Looking Forward at 2013-2018
When our servers were physical, they had a built-in expiration date. The hardware support would grind to an end, and we’d be under pressure to migrate them onto more reliable hardware. We often included a SQL Server version upgrade in that same project.
Those days are over. The combination of virtualization and SQL 2005/2008 will leave an interesting legacy challenge for DBAs. Once your SQL Server is virtualized, it’s really easy to get it off old hardware – just VMotion or LiveMigrate it to another host. You can do it even while it’s still powered on. Does that old version need some more horsepower? Shut it down, add a couple of virtual CPUs and more memory, and power it back on. What used to be a big ugly maintenance project is now a matter of just a reboot.
This means you’ll be supporting SQL Server 2005 and 2008 forever.
SQL Server 2000 has thankfully (mostly) already been exterminated from serious production work. Its lack of management tools and mainstream support means it’s painful to troubleshoot, so most of us have already migrated production work to 2005 and 2008. Support for those newer versions doesn’t end for years, so settle in and get comfy. Sure, SQL Server 2005 and 2008 have bugs, and they’re missing cool features like backup compression in Standard Edition, but for the most part, they just work. Businesses will stick with ‘em for most applications because they don’t see enough compelling features in 2012.
In SQL Server 2012 and beyond, we’ve got:
- AlwaysOn Availability Groups – high availability, disaster recovery, and scale-out reads
- Hekaton - in-memory storage with optimized stored procedures and new data formats on disk
- Column store indexes – faster data retrieval for certain kinds of queries
Call me maybe crazy, but I don’t see really widespread adoption for any of these. To do them right, we’ve gotta make changes to application code. The changes won’t pay off for the majority of customers, so it’s risk without much reward. Don’t get me wrong – when you need this kind of speed, then you need it, and the features are fantastic.
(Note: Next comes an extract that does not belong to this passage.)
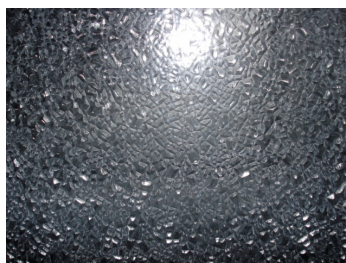
Add lighting panel

I do see widespread adoption coming in 2013-2018 for AlwaysOn, but only for high availability and disaster recovery, not the scale-out reads part.
The virtualization/SQL2005-is-good-enough combination also means we’re not going to see massive, widespread migrations from on-premise SQL Servers to cloud services like SQL Azure. (We’re also not going to see people call it by its official product name, Microsoft Windows Azure SQL Database.) Your app would require code changes to make that switch, and code changes are risky.
New development, on the other hand, means you can pick the features and compatibility you want. In those environments…I still don’t see a lot of widespread SQL Azure adoption coming. If I’m a developer building a new app from the ground up, I’m going to pick the cheapest, easiest database possible. These days, that’s probably PostgreSQL. Like SQL Server, it’s a platform that is available in a lot of different delivery mechanisms – on-premise on bare metal, on-premise virtualized, colo boxes, cloud-based services, etc. It’s open source, and it has all kinds of cool features we don’t get in SQL Server. I’m not changing horses mid-stream, but if I was starting again as a developer, I’d go that route.
What Do You See Changing?
When you look at your company’s needs, the job you do, and the tools you use, what do you see coming down the pike? In 2018, what will be the defining thing that changed your work?